DATA IN THIS EXERCISE.

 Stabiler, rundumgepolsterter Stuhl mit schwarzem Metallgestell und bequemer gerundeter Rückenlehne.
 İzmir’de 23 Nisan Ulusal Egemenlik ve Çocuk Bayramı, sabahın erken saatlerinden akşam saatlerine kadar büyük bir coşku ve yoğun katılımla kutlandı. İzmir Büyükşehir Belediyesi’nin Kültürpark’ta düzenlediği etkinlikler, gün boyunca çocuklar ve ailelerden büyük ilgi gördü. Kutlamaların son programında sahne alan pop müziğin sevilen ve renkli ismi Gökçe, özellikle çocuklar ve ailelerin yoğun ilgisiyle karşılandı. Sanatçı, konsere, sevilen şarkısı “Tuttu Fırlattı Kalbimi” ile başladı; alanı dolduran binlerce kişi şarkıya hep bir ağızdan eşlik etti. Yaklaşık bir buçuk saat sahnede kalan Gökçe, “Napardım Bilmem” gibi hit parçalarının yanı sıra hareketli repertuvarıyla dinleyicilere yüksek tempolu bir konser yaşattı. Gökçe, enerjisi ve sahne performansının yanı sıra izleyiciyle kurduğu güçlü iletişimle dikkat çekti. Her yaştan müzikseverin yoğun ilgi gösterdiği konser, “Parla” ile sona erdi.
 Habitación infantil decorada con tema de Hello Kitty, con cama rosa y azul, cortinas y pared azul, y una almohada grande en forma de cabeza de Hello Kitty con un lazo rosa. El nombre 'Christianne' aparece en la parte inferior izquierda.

* * *

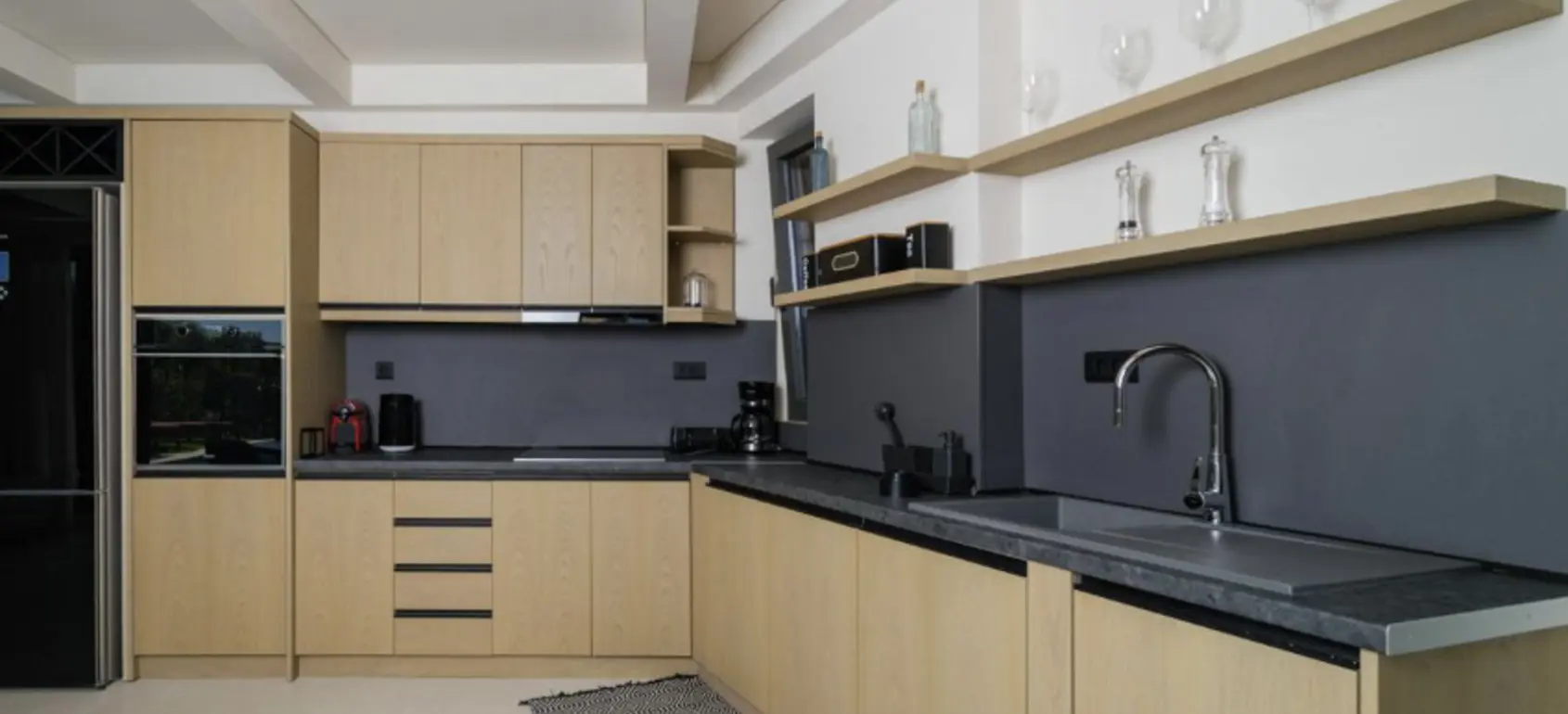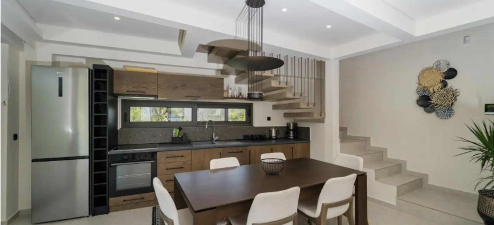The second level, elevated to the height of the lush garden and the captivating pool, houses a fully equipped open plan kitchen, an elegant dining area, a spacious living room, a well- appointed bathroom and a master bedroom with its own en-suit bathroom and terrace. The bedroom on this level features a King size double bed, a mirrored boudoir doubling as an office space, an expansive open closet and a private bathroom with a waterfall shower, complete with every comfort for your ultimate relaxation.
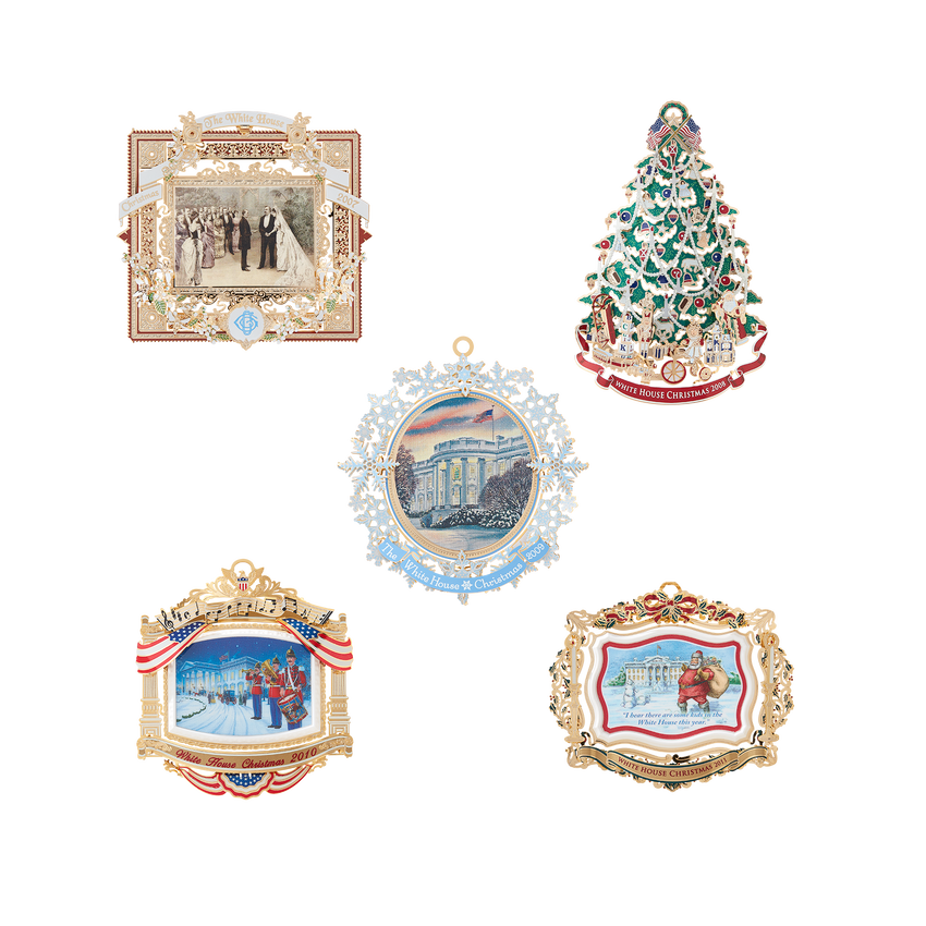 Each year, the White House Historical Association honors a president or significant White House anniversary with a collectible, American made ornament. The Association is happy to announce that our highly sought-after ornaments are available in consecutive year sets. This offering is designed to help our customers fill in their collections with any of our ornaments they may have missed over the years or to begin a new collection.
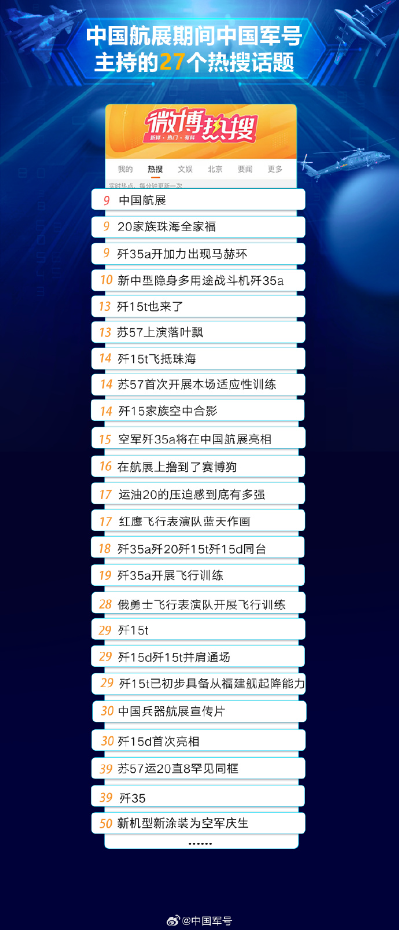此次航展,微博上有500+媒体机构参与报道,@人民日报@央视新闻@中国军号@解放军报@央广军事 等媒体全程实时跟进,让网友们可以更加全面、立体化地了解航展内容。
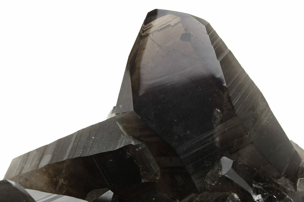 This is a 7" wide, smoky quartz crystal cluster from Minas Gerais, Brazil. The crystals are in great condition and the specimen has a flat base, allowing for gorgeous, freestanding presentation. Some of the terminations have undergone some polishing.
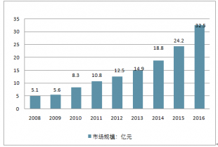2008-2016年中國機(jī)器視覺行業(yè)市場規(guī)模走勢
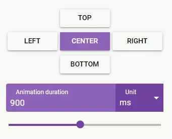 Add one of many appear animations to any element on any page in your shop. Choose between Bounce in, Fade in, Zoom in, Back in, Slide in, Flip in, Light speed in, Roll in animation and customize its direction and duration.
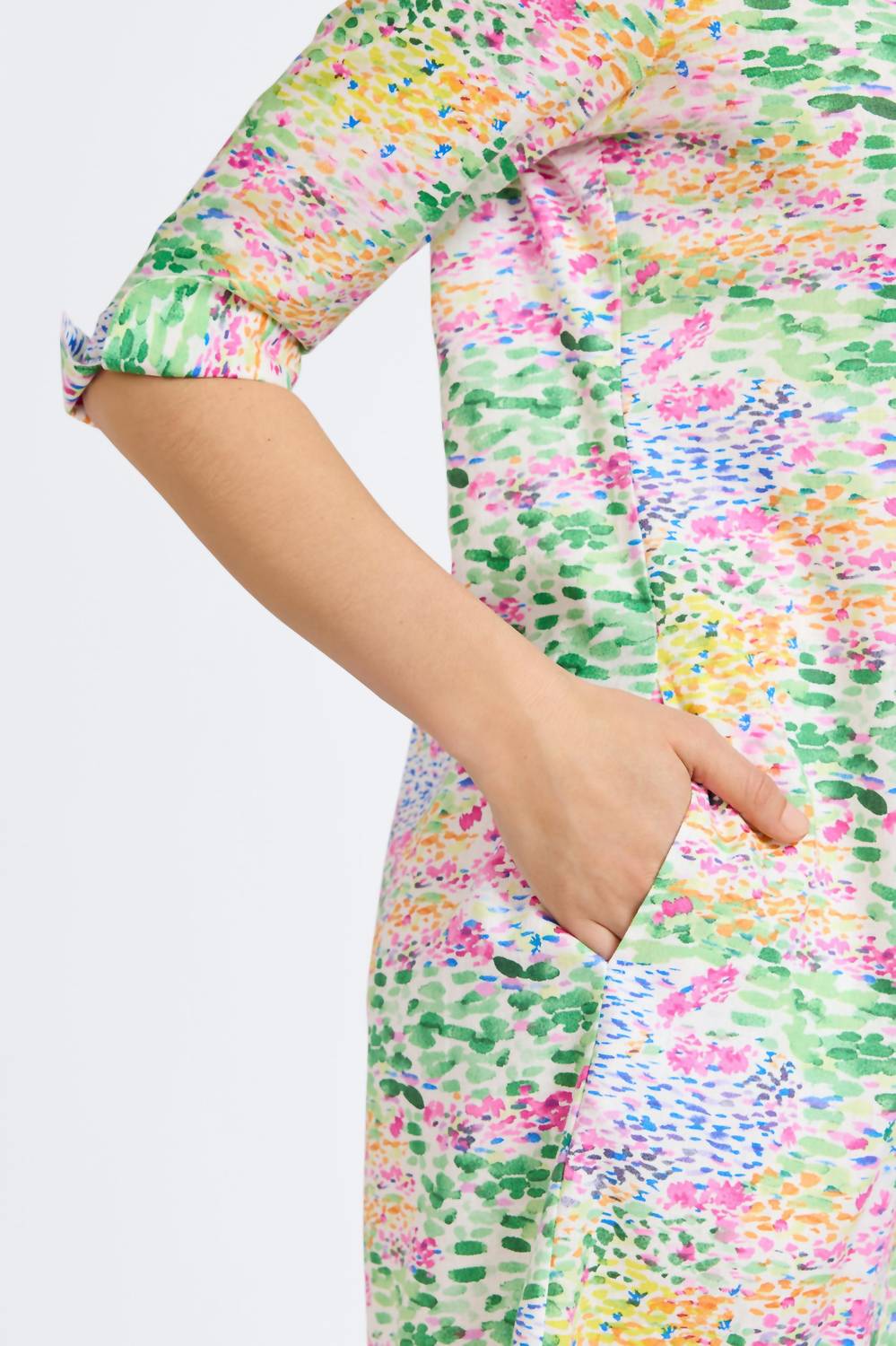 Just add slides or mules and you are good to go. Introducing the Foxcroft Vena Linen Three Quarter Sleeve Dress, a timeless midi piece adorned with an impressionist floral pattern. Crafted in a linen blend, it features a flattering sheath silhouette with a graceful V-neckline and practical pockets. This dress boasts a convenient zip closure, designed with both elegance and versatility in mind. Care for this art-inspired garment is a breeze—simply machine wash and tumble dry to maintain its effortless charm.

---

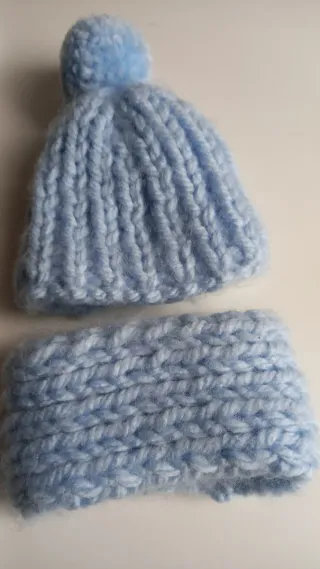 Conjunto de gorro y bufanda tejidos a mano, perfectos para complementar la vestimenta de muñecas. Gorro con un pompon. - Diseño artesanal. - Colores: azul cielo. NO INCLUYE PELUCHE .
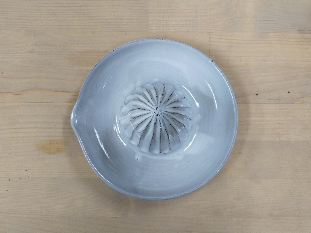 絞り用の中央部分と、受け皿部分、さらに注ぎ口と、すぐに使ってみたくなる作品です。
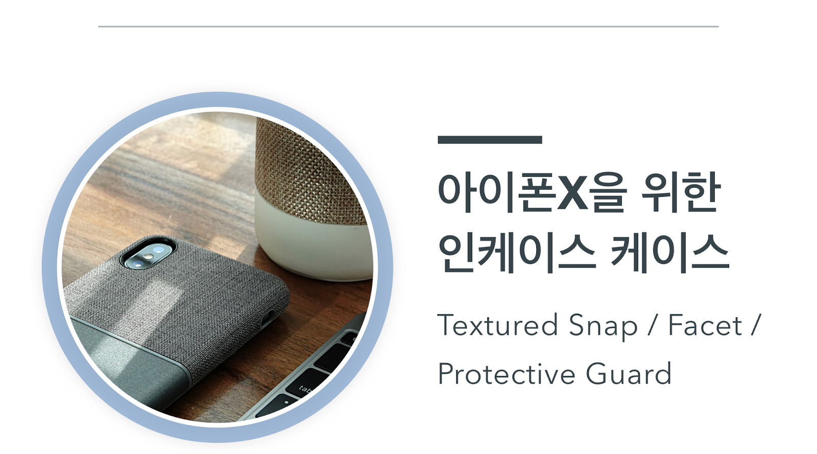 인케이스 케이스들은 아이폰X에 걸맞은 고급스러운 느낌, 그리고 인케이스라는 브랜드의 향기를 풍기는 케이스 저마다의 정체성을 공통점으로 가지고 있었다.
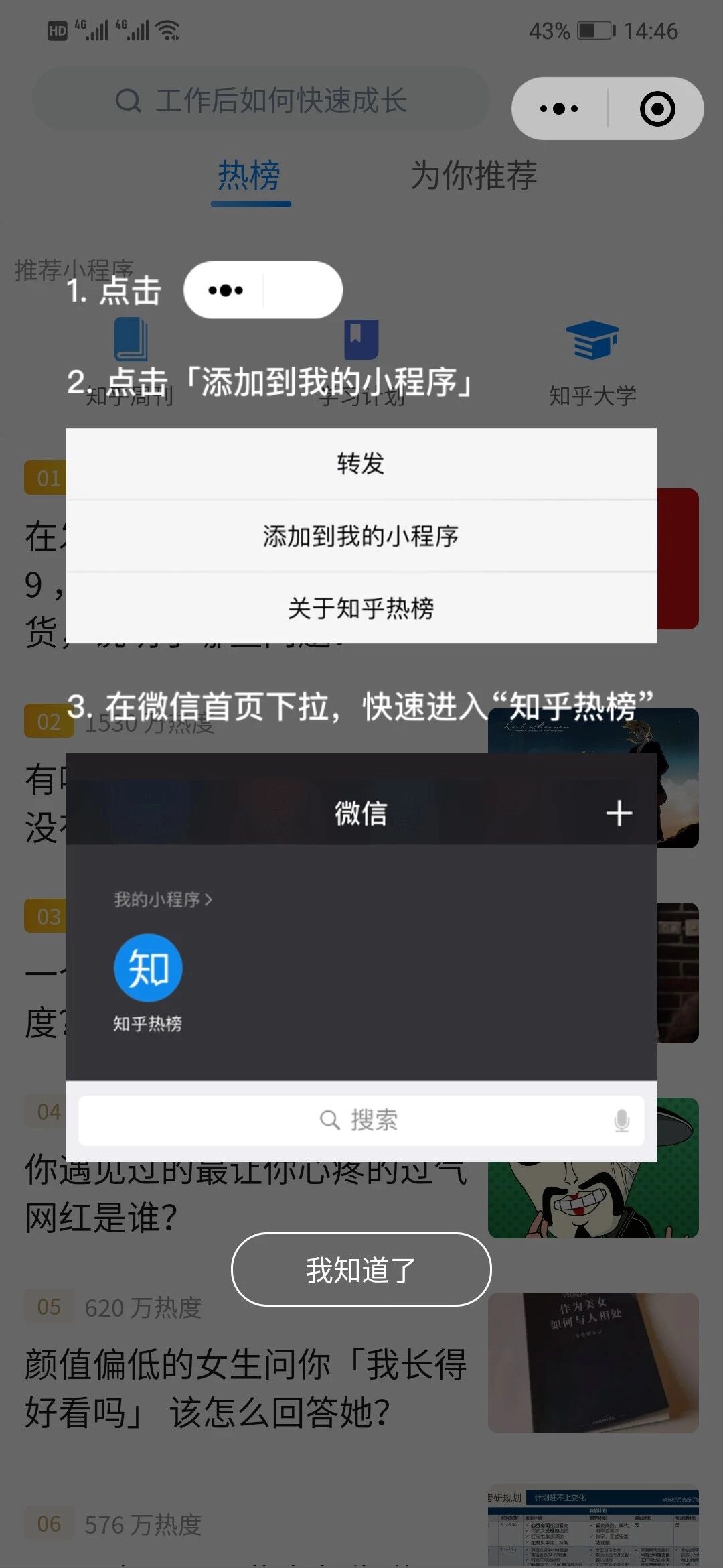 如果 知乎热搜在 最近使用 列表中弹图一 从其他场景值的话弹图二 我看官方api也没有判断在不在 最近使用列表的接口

REQUIRED ACTION. All lines in the listing above from the line containing "Stabiler, rundumgepolsterter Stuhl" to the line containing "Habitación infantil decorada", inclusive, should be retyped exactly; no other lines should appear.

TASK RESPONSE.
 Stabiler, rundumgepolsterter Stuhl mit schwarzem Metallgestell und bequemer gerundeter Rückenlehne.
 İzmir’de 23 Nisan Ulusal Egemenlik ve Çocuk Bayramı, sabahın erken saatlerinden akşam saatlerine kadar büyük bir coşku ve yoğun katılımla kutlandı. İzmir Büyükşehir Belediyesi’nin Kültürpark’ta düzenlediği etkinlikler, gün boyunca çocuklar ve ailelerden büyük ilgi gördü. Kutlamaların son programında sahne alan pop müziğin sevilen ve renkli ismi Gökçe, özellikle çocuklar ve ailelerin yoğun ilgisiyle karşılandı. Sanatçı, konsere, sevilen şarkısı “Tuttu Fırlattı Kalbimi” ile başladı; alanı dolduran binlerce kişi şarkıya hep bir ağızdan eşlik etti. Yaklaşık bir buçuk saat sahnede kalan Gökçe, “Napardım Bilmem” gibi hit parçalarının yanı sıra hareketli repertuvarıyla dinleyicilere yüksek tempolu bir konser yaşattı. Gökçe, enerjisi ve sahne performansının yanı sıra izleyiciyle kurduğu güçlü iletişimle dikkat çekti. Her yaştan müzikseverin yoğun ilgi gösterdiği konser, “Parla” ile sona erdi.
 Habitación infantil decorada con tema de Hello Kitty, con cama rosa y azul, cortinas y pared azul, y una almohada grande en forma de cabeza de Hello Kitty con un lazo rosa. El nombre 'Christianne' aparece en la parte inferior izquierda.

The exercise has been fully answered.